Good day all
Just following up of there is any advice from the community. My original
post was very long, but just wanted to paint the picture.
In summary I just want to find out if anybody has some concrete advice
on storage devices that is acceptable for usage with Postgres,
especially latency. I've highlighted some tests I've done, but I need to
interpret the numbers correctly.
Any feedback on the following will help
* Acceptable write IO latency
o WAL
o Data
o Temp
o ...
* Acceptable read IO latency
* Any other storage/drive related advice
Regards
Riaan
On 2026/02/11 01:13, Riaan Stander wrote:
Good day
We host our own Postgres (v17) server on-prem as the backbone of our
SaS application. It's a fairly busy OLTP application with a database
per tenant strategy. This obviously does complicate our setup.
Our hosting platform is as follows:
3 x Host Servers running Microsoft Storage Spaces in a 3 way mirror
Ubuntu VM hosting Postgres
A few months ago we had some severe performance issues with lots of
queries and writing operations just pending. After some deep
investigation we started realizing that it was disk IO causing the
issue. We used iostat and could see the write await was above 30ms and
sometimes even spiking much higher. This was resolved by moving our
backups (made with Veeam) from backing up the primary to a slave on
other infrastructure. Our current happy state where clients are not
experiencing issues is a iostat write await of 5ms and lower.
All was good for a few months until recently when this issue started
again. This time it could not be the backups. We had various hardware
vendors involved, but at some point it came to light that the Storage
Spaces hardware are all mechanical disks with NVME only used for
Storage Spaces journaling and caching. There are now some discussions
of upgrading drives to SSD, but my concern is that this is not
guaranteed to solve the issue. Especially with the 3 way mirror it
seems all writes will go to the other hosts before returning. So
latency is almost impossible to remove.
So now my question. I started running some IO tests using fio,
pg_test_fsync & pg_test_timing. Before we spend days/months trying to
tune Postgres settings I'm trying to get some definitive published
information about what IO numbers I should expect when running plain
hardware tests with Postgres completely out of the loop. I've seen
some info about 1ms and less write latency is what you want for WAL.

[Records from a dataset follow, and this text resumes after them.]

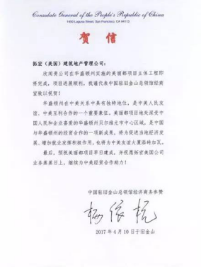 美国时间2017年4月10日,由拓宏集团在美国西雅图投资并与当地知名开发商丹尼尔斯房地产合作开发的美丽都项目封顶仪式圆满落幕。
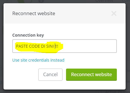 6. Copy Connection Key yang tersedia kemudian buka tab baru, buka managewp.com , login dan cari namadomainanda.com
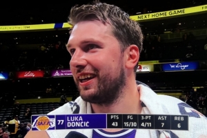 24直播网3月26日讯 NBA常规赛,湖人客场137-130击败步行者,东契奇赛后在场边接受了媒体采访。
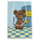 A cute mouse, holding a heart made of cheese, standing in front of a kitchen and mouse door. Say a cheesy I love you with heart-shaped cheese.
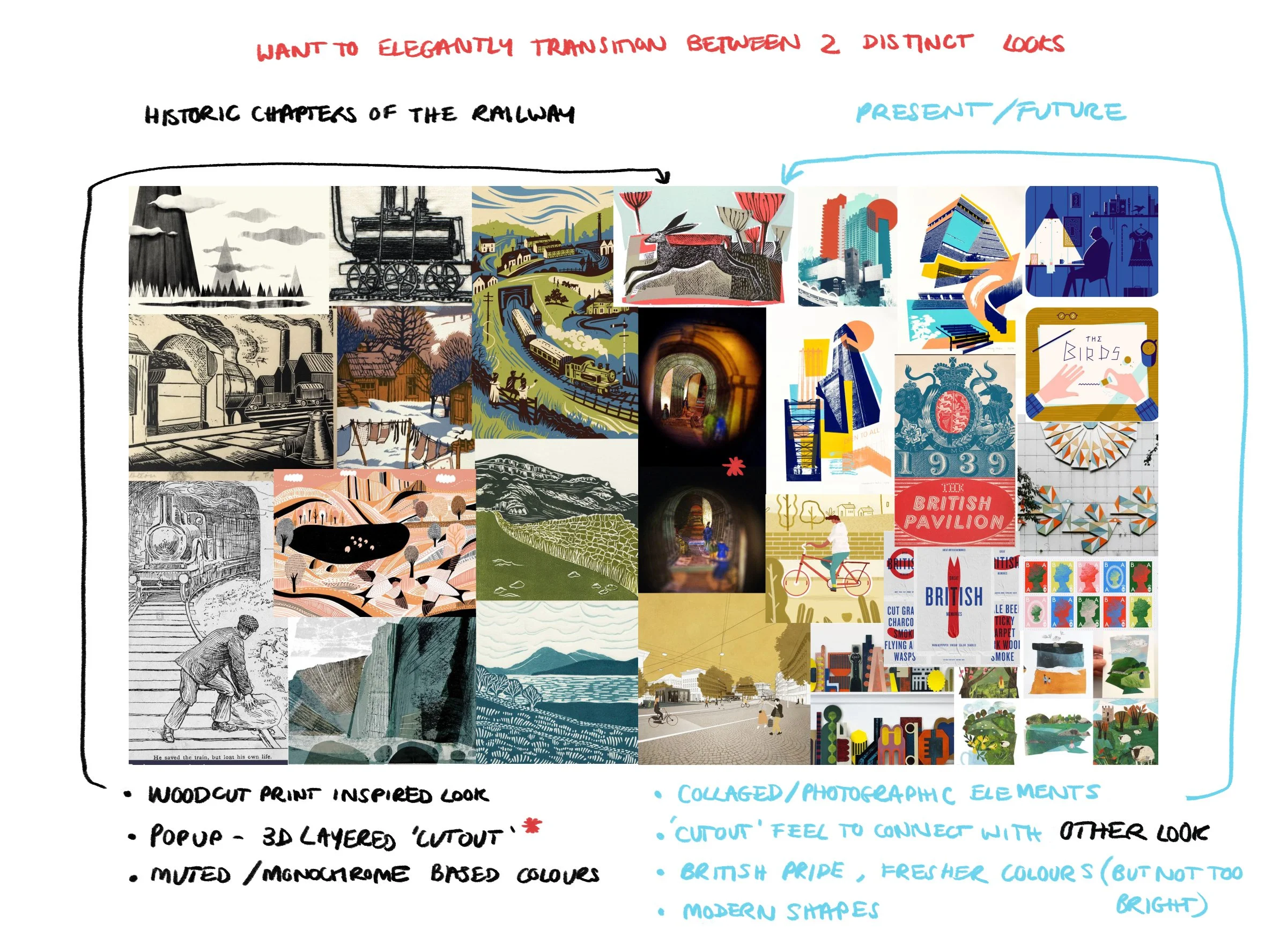 I also liked the idea of using collaged photographs and cutouts as I felt it connected the styles together in a “printed media” sort of way.
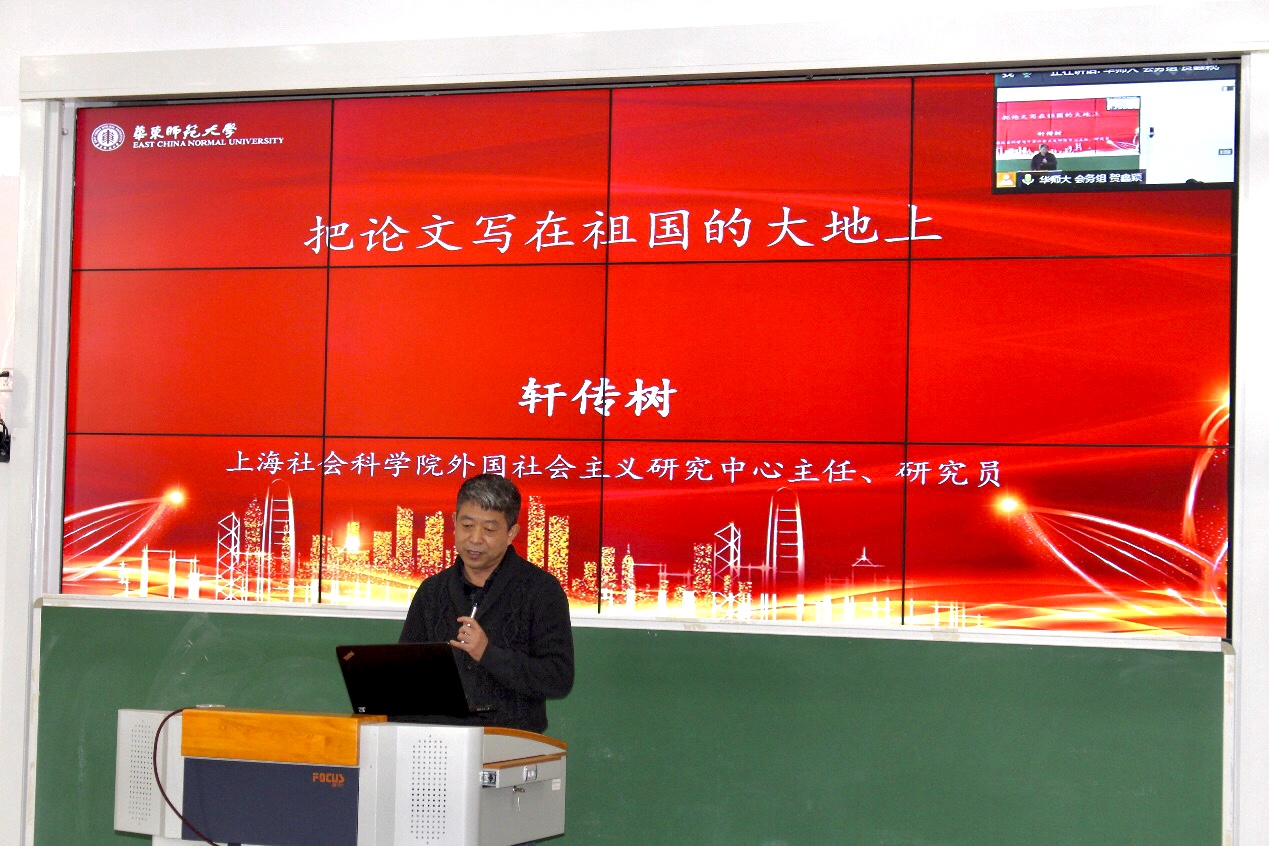 轩传树以《把论文写在祖国的大地上》为题,他借用习近平总书记对广大科技工作者发出的号召,指出马克思主义研究生的学术工作必须更贴近中国实践,揭示中国现实,满足中国发展的现实需要。轩传树认为,时代在大发展,科技在大进步,国际国内涌现出新现象和新问题,马克思主义学科的师生更要怀着问题意识,眼睛向内、立足祖国大地,只有这样我们才能不负这个时代。

My logic says that if you have a stiffie drive for storage you can
tune it, but you still have a stiffie drive.
These are the tests I've run so far
1. WAL-Style Latency Test (4K random sync writes)
fio --name=wal-latency --filename=$TESTDIR/fio_wal_test --size=2G
--rw=randwrite --bs=4k --iodepth=1 --ioengine=libaio --direct=1
--fsync=1 --runtime=60 --group_reporting
2. Random Read IOPS Test (index lookup simulation)
fio --name=index-read --filename=$TESTDIR/fio_index_test --size=8G
--rw=randread --bs=4k --iodepth=32 --ioengine=libaio --direct=1
--runtime=60 --group_reporting
3. Mixed OLTP Test (70% read / 30% write)
fio --name=oltp-mixed --filename=$TESTDIR/fio_oltp_mixed --size=8G
--rw=randrw --rwmixread=70 --bs=8k --iodepth=32 --ioengine=libaio
--direct=1 --runtime=60 --group_reporting
4. Checkpoint Burst Test (sequential write pressure)
fio --name=checkpoint-burst --filename=$TESTDIR/fio_checkpoint
--size=20G --rw=write --bs=1M --iodepth=64 --ioengine=libaio
--direct=1 --runtime=60 --group_reporting
5. PostgreSQL fsync Code Path Test
pg_test_fsync -f $TESTDIR/pg_test_fsync
6. Timer / Scheduling Jitter Test
pg_test_timing -d 3
Regards
Riaan